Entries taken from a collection
• • • • •

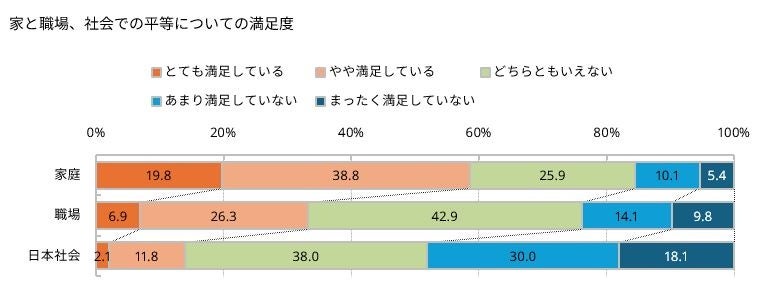 家と職場、社会での平等についての満足度について、家での平等に満足していると回答した人(「とても満足している」「やや満足している」の合計)は、58.6%と半数以上に達していました。しかし、職場、社会とマクロになるにしたがって、満足している人の割合が急激に減っています。また、満足していないと回答した人の割合もマクロになるにしたが増えています。
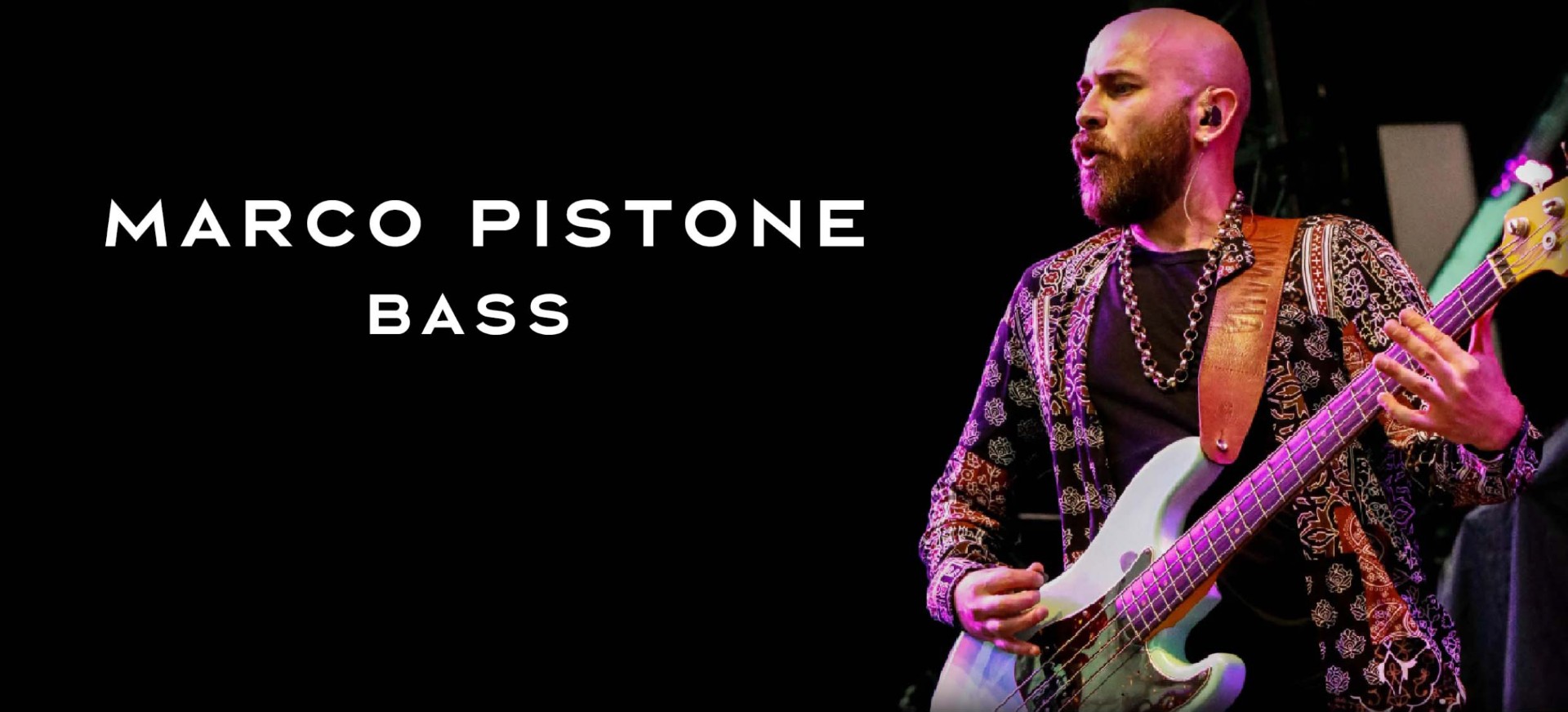 Marco Pistone al basso completa la sezione ritmica con un profilo accademico e professionale raramente riscontrabile insieme: laureato con 110 e lode in Discipline Musicali Jazz presso il Conservatorio Respighi di Latina, vincitore del Best Bassist Award alla finale internazionale del Taubertal Festival in Germania nel 2017. In studio ha lavorato con Ron, apparendo nell’album Sono Un Figlio, e ha ricoperto il ruolo di bassista principale nel progetto Queen at the Opera, con esibizioni al Teatro Arcimboldi e al Teatro della Conciliazione.
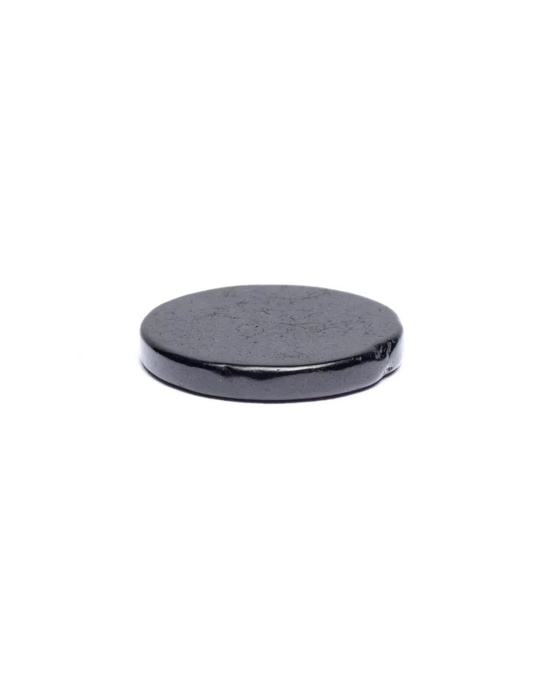 Piatto rotondo levigato in Shungite da attaccare a un telefono cellulare e altri gadget per proteggersi dalle loro radiazioni elettromagnetiche.
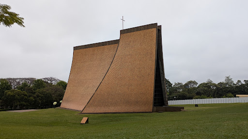 It such a great chaple. It has beautiful view. A lot of tree and grass, that makes this chaple green. This chaple located in Tunghai University. So, from the gate you need to walkin. For me its Little bit for from the shelter. There is parking palete for bus and car next to caple. Near of the chaple there is night market called Tunghai University night market. Thing that makes this chaple special is the share of of the chaple itself. Its look like triangle, but it was not like exactly triangle.
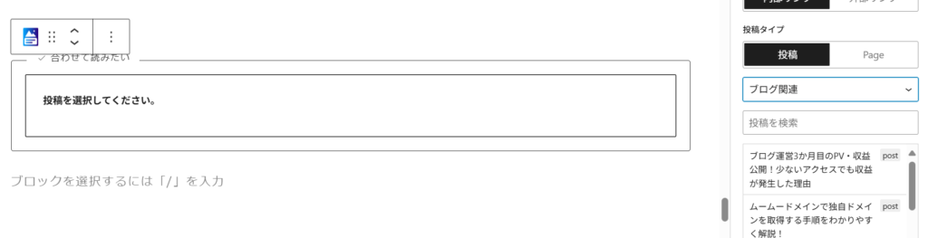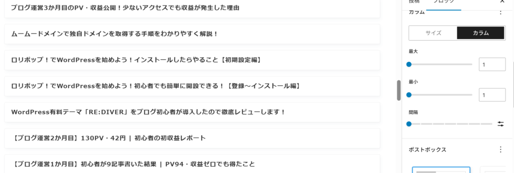 投稿一覧はその名の通り、投稿記事を一覧化することができるブロックです。
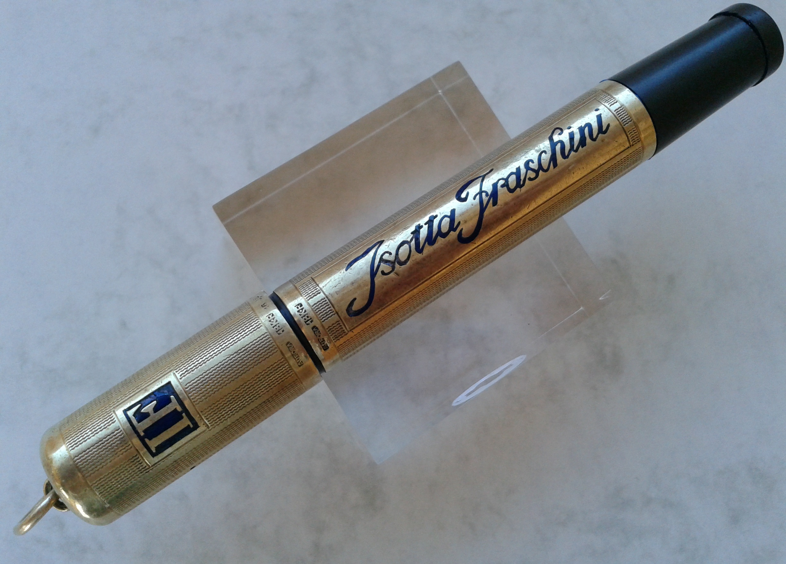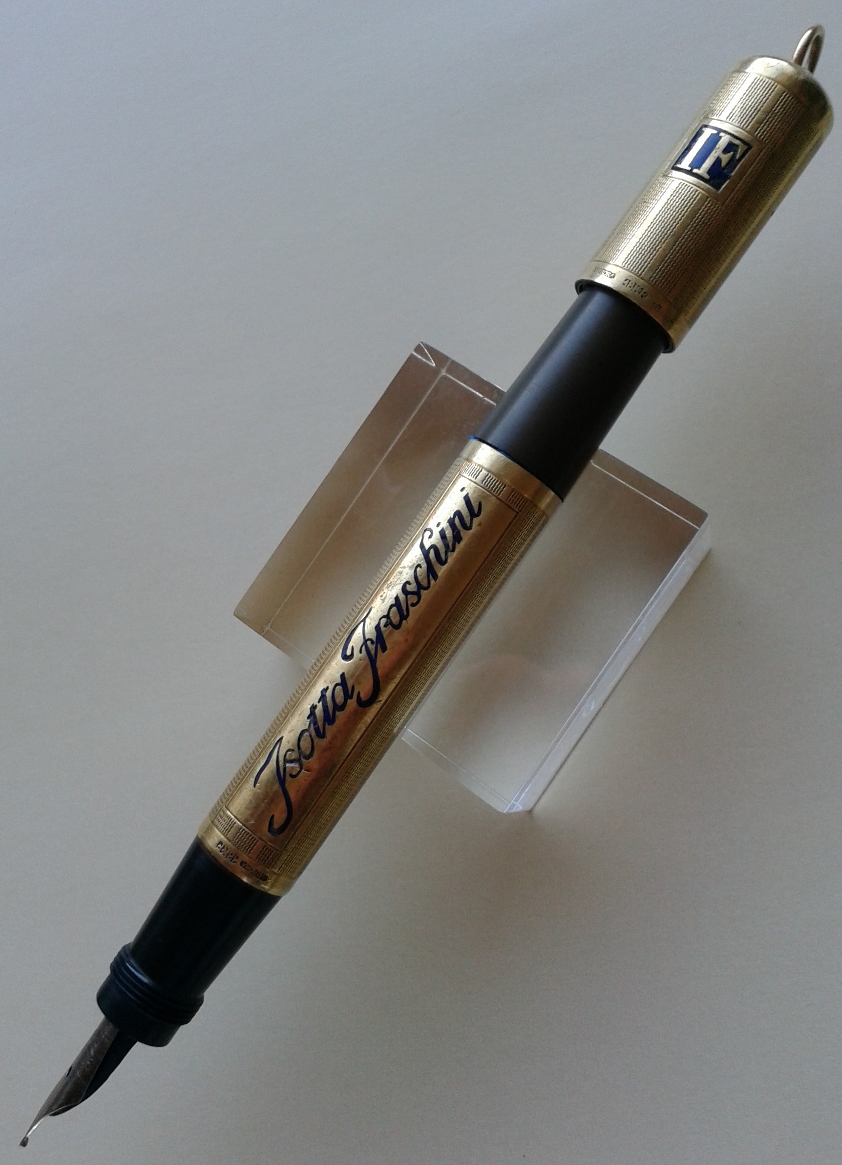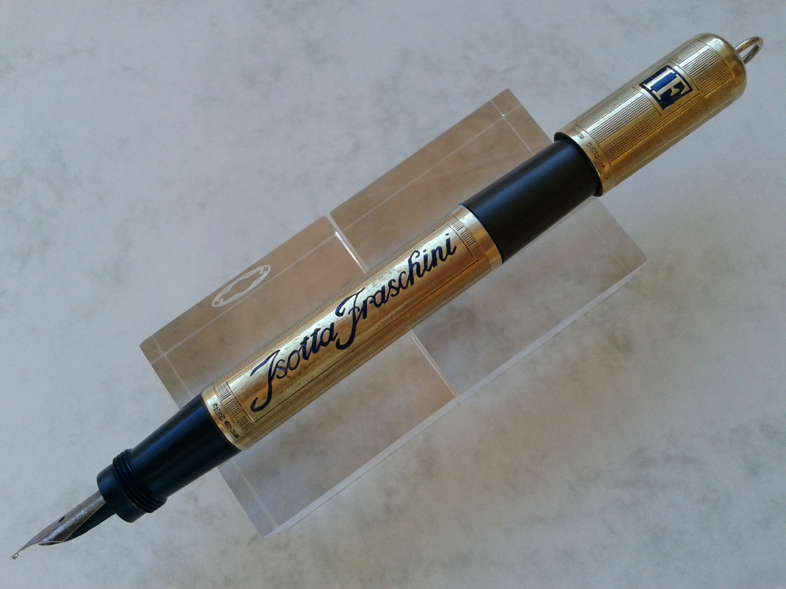 AURORA RA2 per ISOTTA FRASCHINI in ebanite nera, laminata in oro 18 K.R., decorata con smalti blu, caricamento safety, pennino non originale, produzione Italia seconda metà anni 1920.
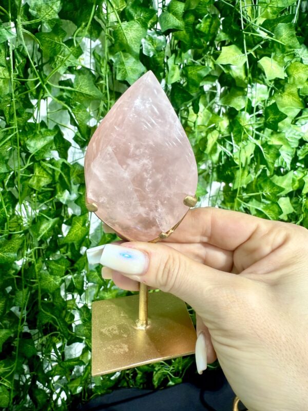 Rose Quartz Flame on Stand – Heartfelt Elegance and Calming Energy
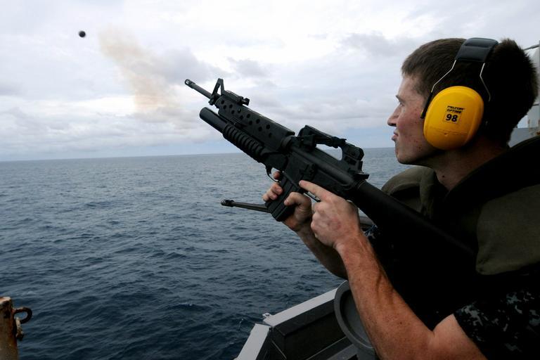 MAKE A MEME View Large Image Navy 100926-N-7680E-410 Gunner's Mate 3rd Class Andrey Murry, from Hickory, N.C., fires a grenade from an M203 grenade launcher during a live-fi.jpg en CARIBBEAN SEA Sept 26 2010 Gunner's Mate 3rd Class Andrey Murry from Hickory N C fires a ...
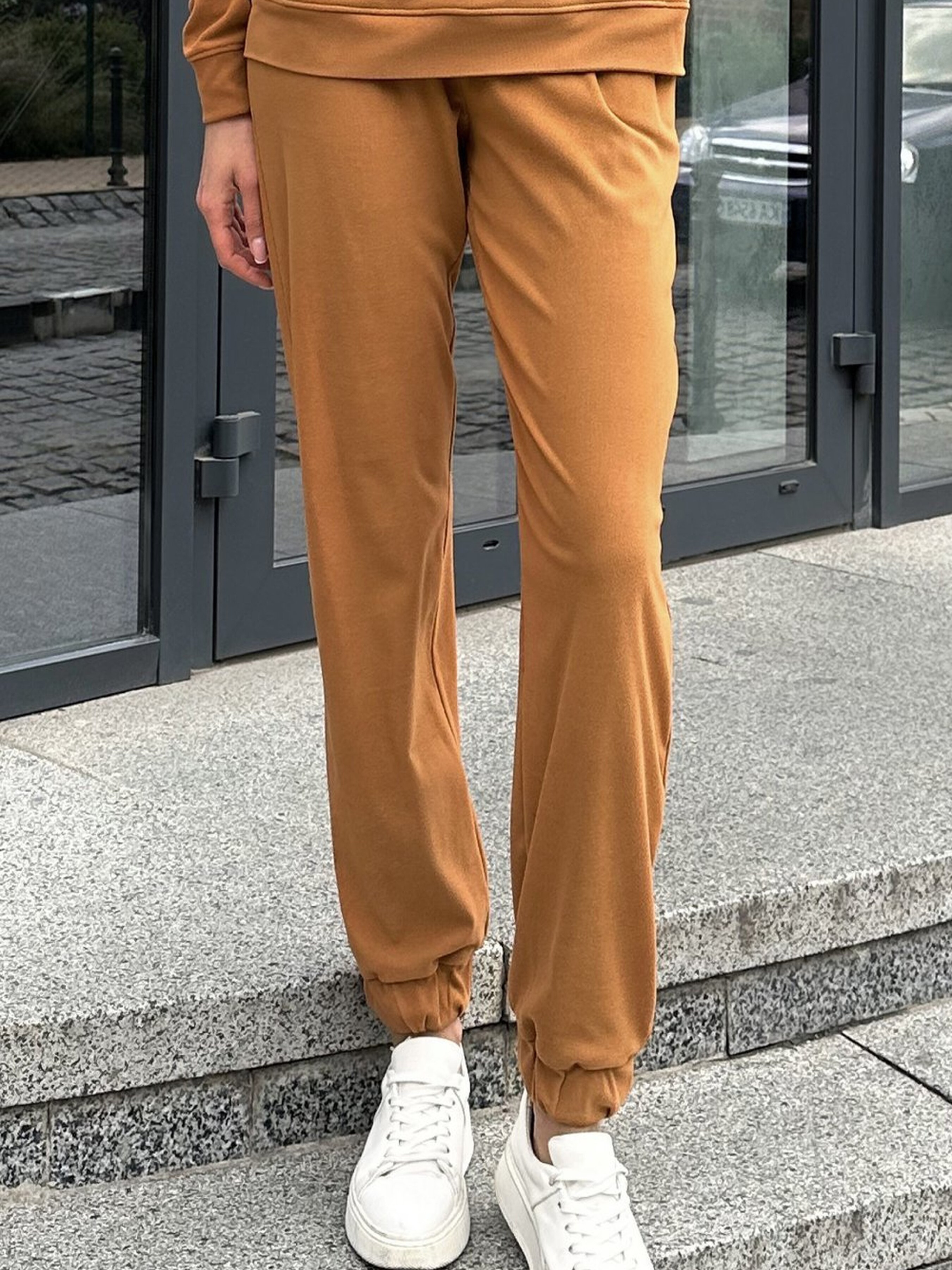 Жіночі коричневі брюки з кишенями та прямим кроєм на резинці Ці коричневі брюки з кишенями є ідеальним вибором для тих, хто цінує стиль і комфорт. Завдяки прямому крою і еластичній резинці на поясі, вони забезпечують комфортну посадку та свободу рухів на кожен день. Основні характеристики: Колір: Коричневий — універсальний теплий відтінок, що легко поєднується з різними кольорами, додаючи образу затишку та елегантності. Крій: Прямий крій підкреслює лінію фігури і дозволяє створювати стильний образ. Пояс: Еластична резинка на поясі дозволяє комфортно сидіти на талії без зайвого натягу. Кишені: Зручні бокові кишені для практичності та зберігання дрібниць.Як носити: Повсякденний стиль: Поєднуйте з простими футболками або блузами для створення зручного образу. Офісний стиль: Додайте елегантний жакет і туфлі на підборах для завершеного ділового луку. Спортивний стиль: Скомбінуйте з кедами або спортивними черевиками для активного вигляду. Коричневі брюки з прямим кроєм на резинці — це стильний і комфортний вибір, що підходить для будь-якої нагоди і допомагає створити безліч цікавих образів.

• • • • •

**Task objective**
Nothing but the lines from the first line of the data above through the line holding "Marco Pistone al" may appear in the response, copied exactly and without pictures.

**Finished exercise**
 家と職場、社会での平等についての満足度について、家での平等に満足していると回答した人(「とても満足している」「やや満足している」の合計)は、58.6%と半数以上に達していました。しかし、職場、社会とマクロになるにしたがって、満足している人の割合が急激に減っています。また、満足していないと回答した人の割合もマクロになるにしたが増えています。
 Marco Pistone al basso completa la sezione ritmica con un profilo accademico e professionale raramente riscontrabile insieme: laureato con 110 e lode in Discipline Musicali Jazz presso il Conservatorio Respighi di Latina, vincitore del Best Bassist Award alla finale internazionale del Taubertal Festival in Germania nel 2017. In studio ha lavorato con Ron, apparendo nell’album Sono Un Figlio, e ha ricoperto il ruolo di bassista principale nel progetto Queen at the Opera, con esibizioni al Teatro Arcimboldi e al Teatro della Conciliazione.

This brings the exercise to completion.